• Instructions for the task:
The pictures get left out, but everything else in the listing below must be duplicated exactly.

• Record extracts:

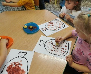 Były również zabawy edukacyjne oraz gra terenowa ,,Mali ziemniaczani detektywi”. Dużą atrakcją były stempelki z ziemniaka. Nie mogło zabraknąć degustacji ziemniaków. Przedszkolaki zajadały się gotowanymi ziemniakami z masełkiem. Wspólna zabawa Motylków i Pszczółek dała im wiele radości i była okazją do rozwijania zdolności poznawczych, kreatywności i współpracy.
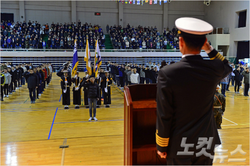 이날 가입교식을 주관한 양용모 생도대장(준장 진)은 “치열한 경쟁을 뚫고 이 자리에 선 75기 가입교생 여러분을 진심으로 환영한다”며, “가입교생들의 뜨거운 함성과 의지가 이곳 옥포만을 가득 채워주기를 기대한다”라고 말했다.
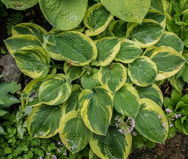 Originated by Herb and Gladys King of Wisconsin, this non-registered cultivar is of unidentified parentage. It is a small size hosta with green foliage that has a creamy yellow marginal variegation. The leaves are moderately corrugated.
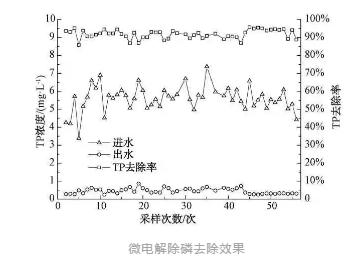微電解除磷去除效果如下圖所示, 進水 TP 濃度為3.5~7 mg/L,平均濃度為5.64 mg/L。當進水TP濃度為3.5~5 mg/L時,出水TP濃度穩(wěn)定于0.5 mg/L以下,達到一級A標準;當進水TP濃度在5~7 mg/L時,出水TP濃度穩(wěn)定小于1 mg/L,達一級B標準;平均去除率為91.84%~95%。項目試驗結(jié)果表明,微電解除磷-砂濾技術(shù)可有穩(wěn)定高效的除磷效果,出水TP穩(wěn)定達標。
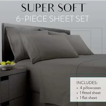 Queen Sheet Set 6 Piece Hotel Quality Bed Sheet w/ 4 Pillowcases - Microfiber Sheet Sets with Deep Pockets, Breathable Cooling Wrinkle Free, Machine Washable 6 Pc Sheets for Queen Size Bed, Gray
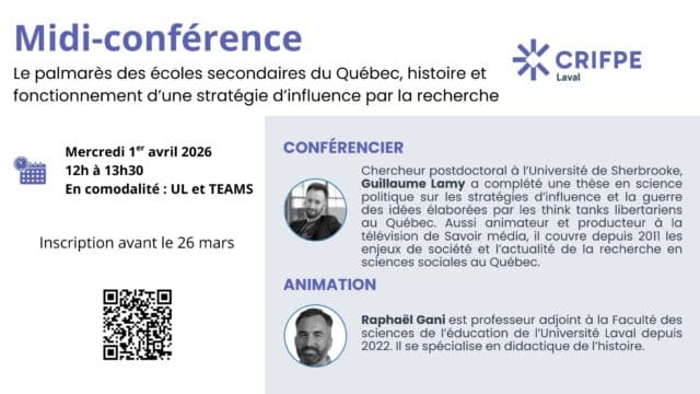 Le CRIFPE vous convie au midi-conférence « Le palmarès des écoles secondaires du Québec : histoire et fonctionnement d’une stratégie d’influence par la recherche », présenté par Guillaume Lamy, chercheur postdoctoral à l’Université de Sherbrooke, le mercredi 1er avril 2026, […]
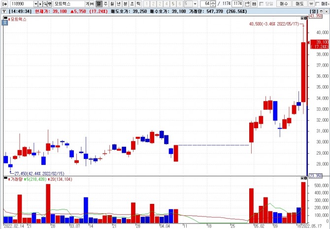 이미지 확대보기17일 한국거래소에 따르면 오후 2시48분 현재 모트렉스 주가는 전거래일 대비 21.44% 상승한 4만500원에 거래되고 있다.
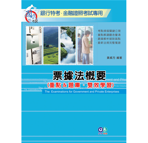 ●考點掃描關鍵立現關鍵考點快速掃描,讀前預習或考前複習皆適宜。●重點解讀觀念釐清各章內容完整解讀剖析考試重點,更將易混淆的觀念以表列方式幫助考生釐清。●題庫解析破除盲點通盤了解各章內容後,立即附上試題供考生縯練,更有詳盡的解析。●最新法規完整蒐錄蒐錄票據法相關法規,方便考生查閱。
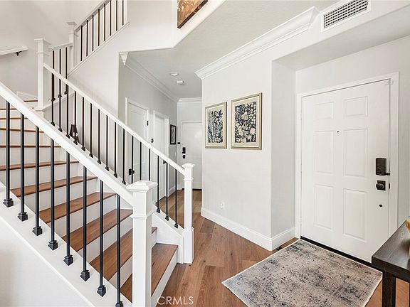 Model perfect Coto de Caza Andalusia Townhome with prime cul de sac location. Highly upgraded three bedrooms two and one half baths with approx. 1,562 sf. featuring hardwood flooring throughout, upgraded baseboards, plantation shutters and newer Amerimax low E dual pane windows. Kitchen has quartz counters, glass tile backsplash, custom cabinets including four doors with glass inserts and stainless steel appliances. Great room has two story high ceilings with lots of windows, surround sound in wall speakers, fireplace and custom mantel. Main floor bathroom completely remodeled. Master bedroom features recessed lighting, crown molding, ceiling fan, custom pocket door to closet, built in closet organizer and sliding door leading to view deck. Sliding barn door leads to master bath featuring separate tub and shower stall, heated bidet style Toto washlet toilet, dual vanity with granite counter and tile flooring. Secondary bedrooms include ceiling fans, shutters and spacious closets. Main floor inside laundry room. Large private rear yard with vinyl and wrought iron fencing. Two-car garage has overhead storage, newer furnace and A/C with lifetime filters and newer water heater. Additional recent improvements: CAT 8 wiring, solid core interior doors with custom hardware, custom built in desk, bookshelf and linen cabinet, newer interior paint, upgraded stair hand rails and iron spindles and upgraded lighting. Coto de Caza offers an array of amenities, including a private membership golf course, tennis courts, equestrian trails, and a clubhouse. This exclusive community provides a serene and secure environment for residents, along with access to top-rated schools, shopping, dining, and recreational opportunities.
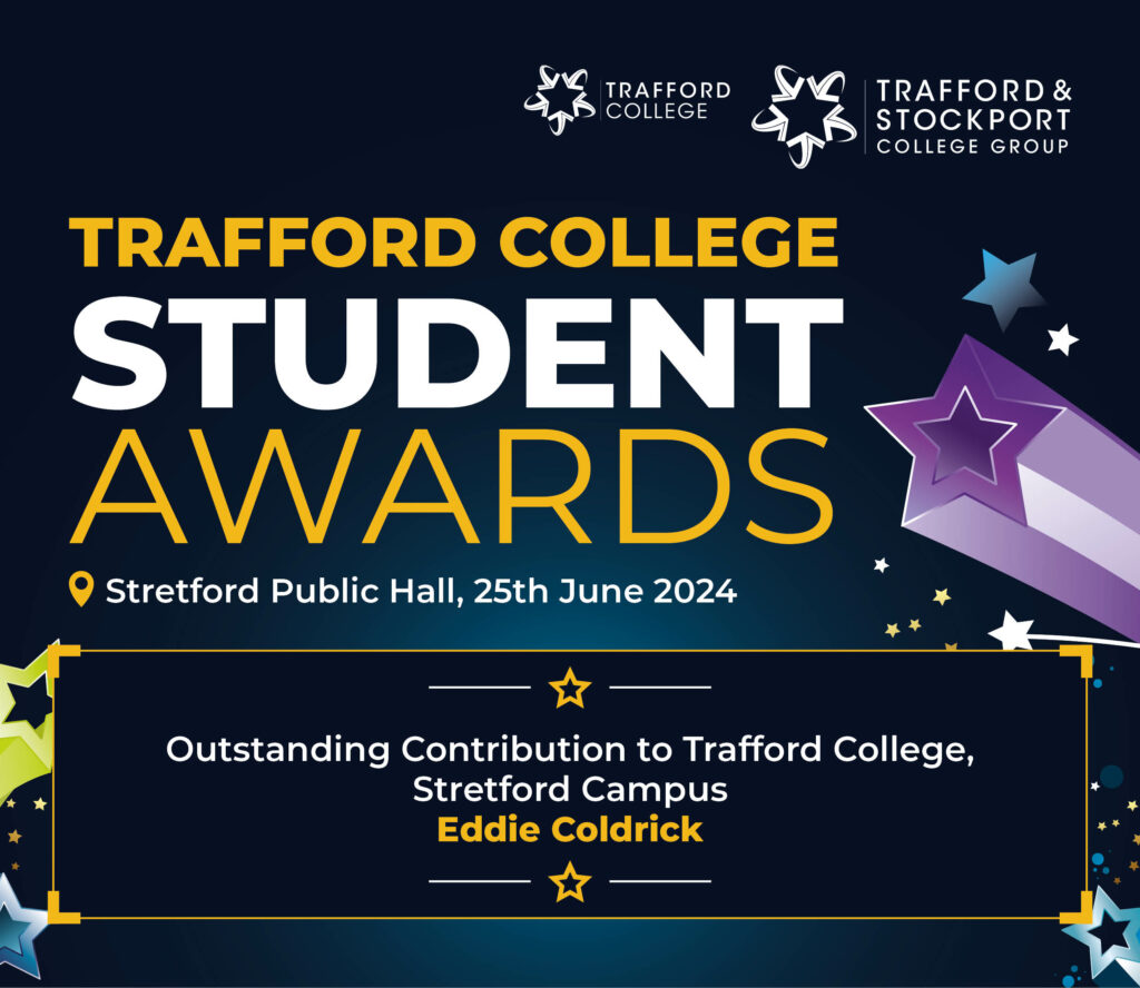 Our Outstanding Contribution award for Trafford College, Stretford Campus goes to Eddie Coldrick. Congratulations to Eddie

• Response to this exercise:
 Były również zabawy edukacyjne oraz gra terenowa ,,Mali ziemniaczani detektywi”. Dużą atrakcją były stempelki z ziemniaka. Nie mogło zabraknąć degustacji ziemniaków. Przedszkolaki zajadały się gotowanymi ziemniakami z masełkiem. Wspólna zabawa Motylków i Pszczółek dała im wiele radości i była okazją do rozwijania zdolności poznawczych, kreatywności i współpracy.
 이날 가입교식을 주관한 양용모 생도대장(준장 진)은 “치열한 경쟁을 뚫고 이 자리에 선 75기 가입교생 여러분을 진심으로 환영한다”며, “가입교생들의 뜨거운 함성과 의지가 이곳 옥포만을 가득 채워주기를 기대한다”라고 말했다.
 Originated by Herb and Gladys King of Wisconsin, this non-registered cultivar is of unidentified parentage. It is a small size hosta with green foliage that has a creamy yellow marginal variegation. The leaves are moderately corrugated.
微電解除磷去除效果如下圖所示, 進水 TP 濃度為3.5~7 mg/L,平均濃度為5.64 mg/L。當進水TP濃度為3.5~5 mg/L時,出水TP濃度穩(wěn)定于0.5 mg/L以下,達到一級A標準;當進水TP濃度在5~7 mg/L時,出水TP濃度穩(wěn)定小于1 mg/L,達一級B標準;平均去除率為91.84%~95%。項目試驗結(jié)果表明,微電解除磷-砂濾技術(shù)可有穩(wěn)定高效的除磷效果,出水TP穩(wěn)定達標。
 Queen Sheet Set 6 Piece Hotel Quality Bed Sheet w/ 4 Pillowcases - Microfiber Sheet Sets with Deep Pockets, Breathable Cooling Wrinkle Free, Machine Washable 6 Pc Sheets for Queen Size Bed, Gray
 Le CRIFPE vous convie au midi-conférence « Le palmarès des écoles secondaires du Québec : histoire et fonctionnement d’une stratégie d’influence par la recherche », présenté par Guillaume Lamy, chercheur postdoctoral à l’Université de Sherbrooke, le mercredi 1er avril 2026, […]
 이미지 확대보기17일 한국거래소에 따르면 오후 2시48분 현재 모트렉스 주가는 전거래일 대비 21.44% 상승한 4만500원에 거래되고 있다.
 ●考點掃描關鍵立現關鍵考點快速掃描,讀前預習或考前複習皆適宜。●重點解讀觀念釐清各章內容完整解讀剖析考試重點,更將易混淆的觀念以表列方式幫助考生釐清。●題庫解析破除盲點通盤了解各章內容後,立即附上試題供考生縯練,更有詳盡的解析。●最新法規完整蒐錄蒐錄票據法相關法規,方便考生查閱。
 Model perfect Coto de Caza Andalusia Townhome with prime cul de sac location. Highly upgraded three bedrooms two and one half baths with approx. 1,562 sf. featuring hardwood flooring throughout, upgraded baseboards, plantation shutters and newer Amerimax low E dual pane windows. Kitchen has quartz counters, glass tile backsplash, custom cabinets including four doors with glass inserts and stainless steel appliances. Great room has two story high ceilings with lots of windows, surround sound in wall speakers, fireplace and custom mantel. Main floor bathroom completely remodeled. Master bedroom features recessed lighting, crown molding, ceiling fan, custom pocket door to closet, built in closet organizer and sliding door leading to view deck. Sliding barn door leads to master bath featuring separate tub and shower stall, heated bidet style Toto washlet toilet, dual vanity with granite counter and tile flooring. Secondary bedrooms include ceiling fans, shutters and spacious closets. Main floor inside laundry room. Large private rear yard with vinyl and wrought iron fencing. Two-car garage has overhead storage, newer furnace and A/C with lifetime filters and newer water heater. Additional recent improvements: CAT 8 wiring, solid core interior doors with custom hardware, custom built in desk, bookshelf and linen cabinet, newer interior paint, upgraded stair hand rails and iron spindles and upgraded lighting. Coto de Caza offers an array of amenities, including a private membership golf course, tennis courts, equestrian trails, and a clubhouse. This exclusive community provides a serene and secure environment for residents, along with access to top-rated schools, shopping, dining, and recreational opportunities.
 Our Outstanding Contribution award for Trafford College, Stretford Campus goes to Eddie Coldrick. Congratulations to Eddie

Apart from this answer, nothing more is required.